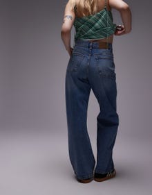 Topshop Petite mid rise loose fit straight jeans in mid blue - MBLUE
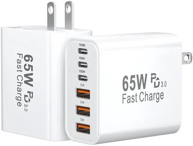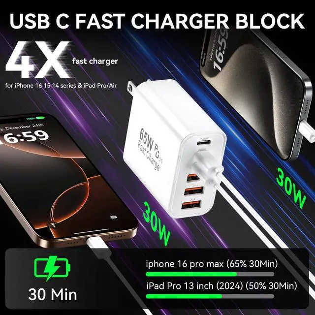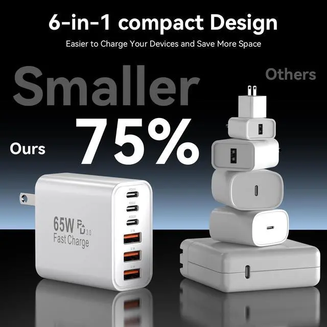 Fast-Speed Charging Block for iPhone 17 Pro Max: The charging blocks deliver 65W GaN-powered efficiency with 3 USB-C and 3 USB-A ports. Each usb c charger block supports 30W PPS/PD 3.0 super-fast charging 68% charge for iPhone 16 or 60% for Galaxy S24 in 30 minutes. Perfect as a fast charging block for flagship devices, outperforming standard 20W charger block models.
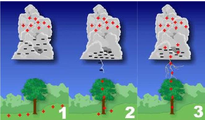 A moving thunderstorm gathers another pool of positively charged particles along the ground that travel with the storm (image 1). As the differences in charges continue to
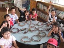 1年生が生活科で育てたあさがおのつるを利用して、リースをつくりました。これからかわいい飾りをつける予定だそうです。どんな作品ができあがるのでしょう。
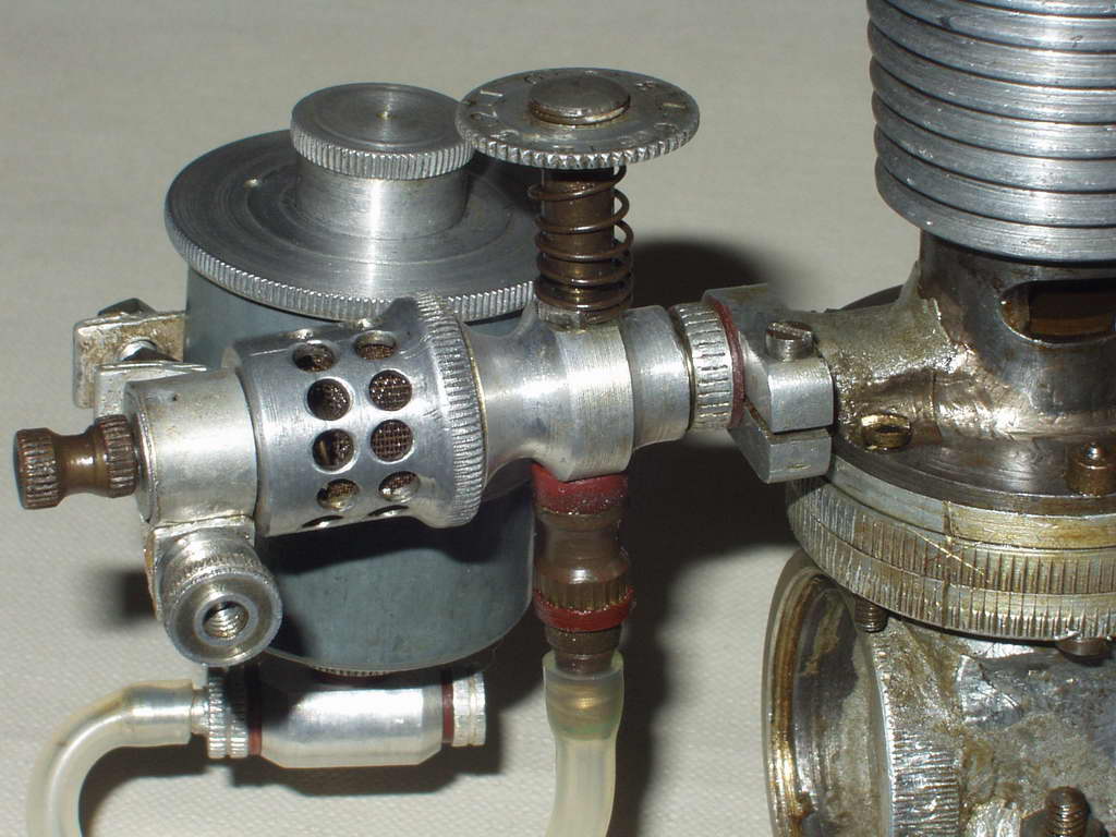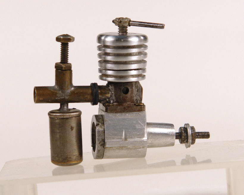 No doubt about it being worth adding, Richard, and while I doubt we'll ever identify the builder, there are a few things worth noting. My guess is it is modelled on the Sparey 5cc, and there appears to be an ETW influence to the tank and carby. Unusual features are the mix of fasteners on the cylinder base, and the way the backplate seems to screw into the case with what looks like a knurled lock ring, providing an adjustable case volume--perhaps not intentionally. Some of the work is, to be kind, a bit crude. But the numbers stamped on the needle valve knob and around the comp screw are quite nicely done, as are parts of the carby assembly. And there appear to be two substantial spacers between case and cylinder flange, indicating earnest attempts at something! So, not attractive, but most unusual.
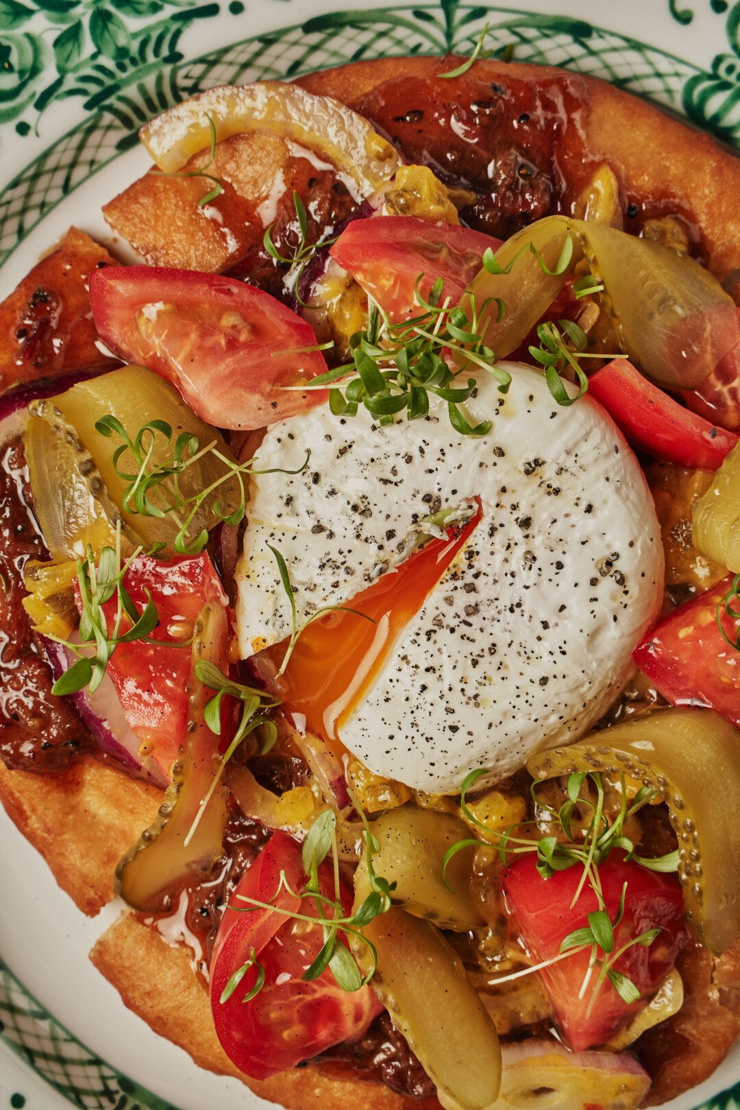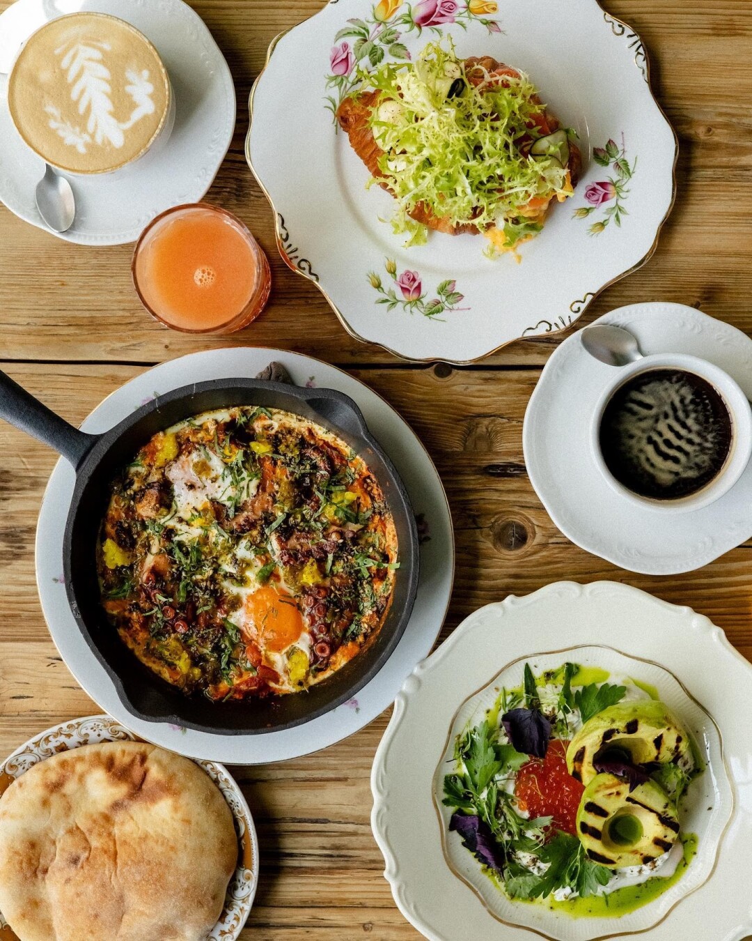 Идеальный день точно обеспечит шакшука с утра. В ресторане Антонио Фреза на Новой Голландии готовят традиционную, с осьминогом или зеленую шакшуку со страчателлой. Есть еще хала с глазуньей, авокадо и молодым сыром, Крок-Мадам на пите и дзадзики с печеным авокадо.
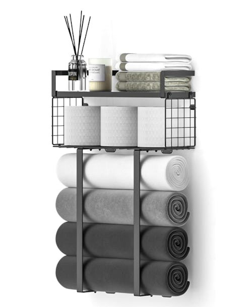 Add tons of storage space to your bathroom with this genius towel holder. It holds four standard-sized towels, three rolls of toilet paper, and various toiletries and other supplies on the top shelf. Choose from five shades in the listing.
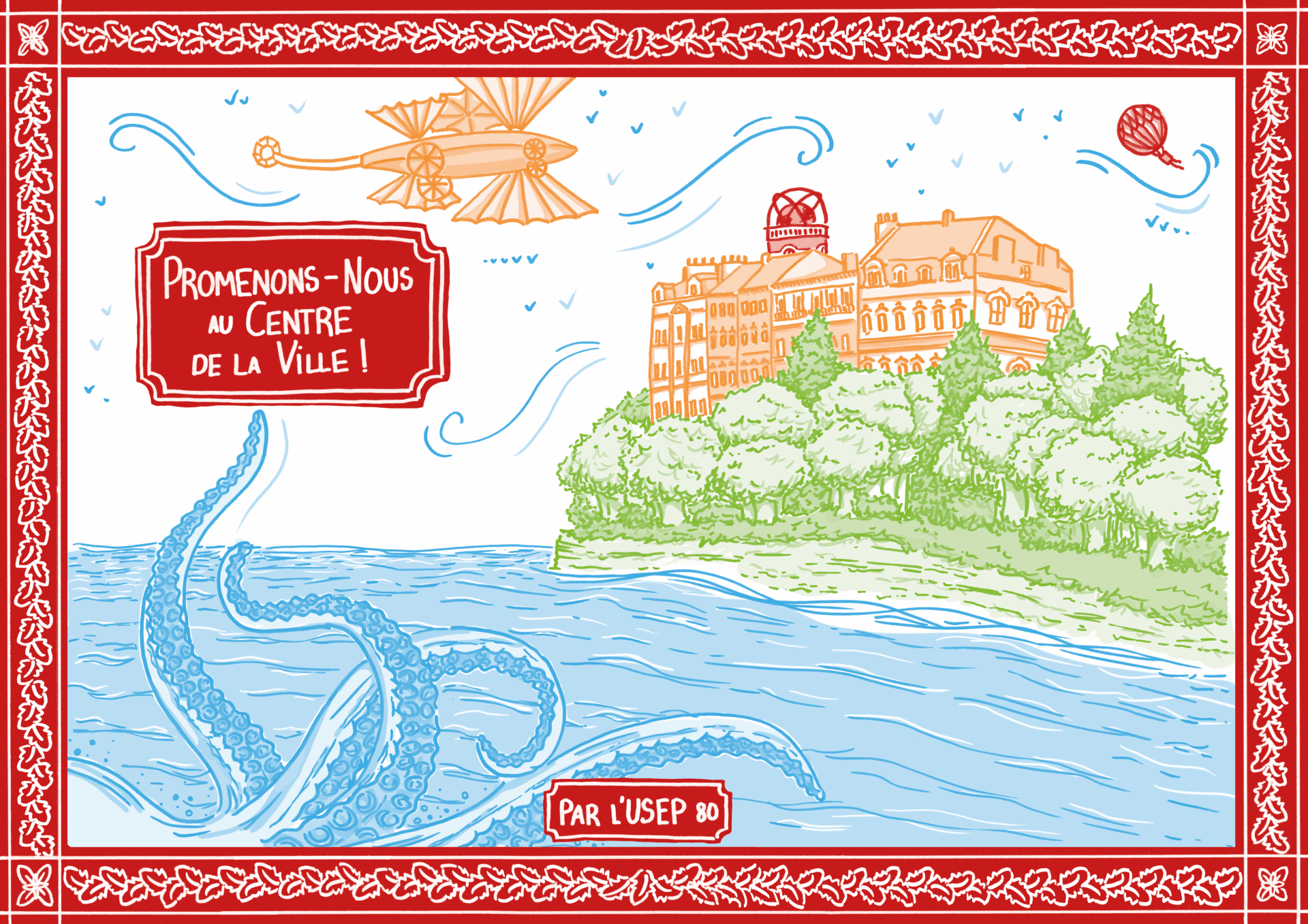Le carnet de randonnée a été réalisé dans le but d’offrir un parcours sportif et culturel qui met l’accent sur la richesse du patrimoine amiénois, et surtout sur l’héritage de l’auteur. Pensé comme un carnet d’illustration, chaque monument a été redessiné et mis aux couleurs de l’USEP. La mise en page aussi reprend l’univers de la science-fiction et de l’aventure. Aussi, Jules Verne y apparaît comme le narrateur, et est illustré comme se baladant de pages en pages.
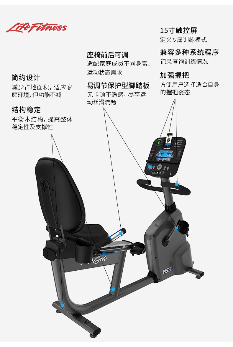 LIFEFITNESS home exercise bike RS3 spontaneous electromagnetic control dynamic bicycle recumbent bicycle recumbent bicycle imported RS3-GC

☆ ☆ ☆

__Exercise brief__.
Please return, exactly and with pictures omitted, the lines from the line holding "Add tons of" through the end of the data above, inclusive.

__Answer below__.
 Add tons of storage space to your bathroom with this genius towel holder. It holds four standard-sized towels, three rolls of toilet paper, and various toiletries and other supplies on the top shelf. Choose from five shades in the listing.
Le carnet de randonnée a été réalisé dans le but d’offrir un parcours sportif et culturel qui met l’accent sur la richesse du patrimoine amiénois, et surtout sur l’héritage de l’auteur. Pensé comme un carnet d’illustration, chaque monument a été redessiné et mis aux couleurs de l’USEP. La mise en page aussi reprend l’univers de la science-fiction et de l’aventure. Aussi, Jules Verne y apparaît comme le narrateur, et est illustré comme se baladant de pages en pages.
 LIFEFITNESS home exercise bike RS3 spontaneous electromagnetic control dynamic bicycle recumbent bicycle recumbent bicycle imported RS3-GC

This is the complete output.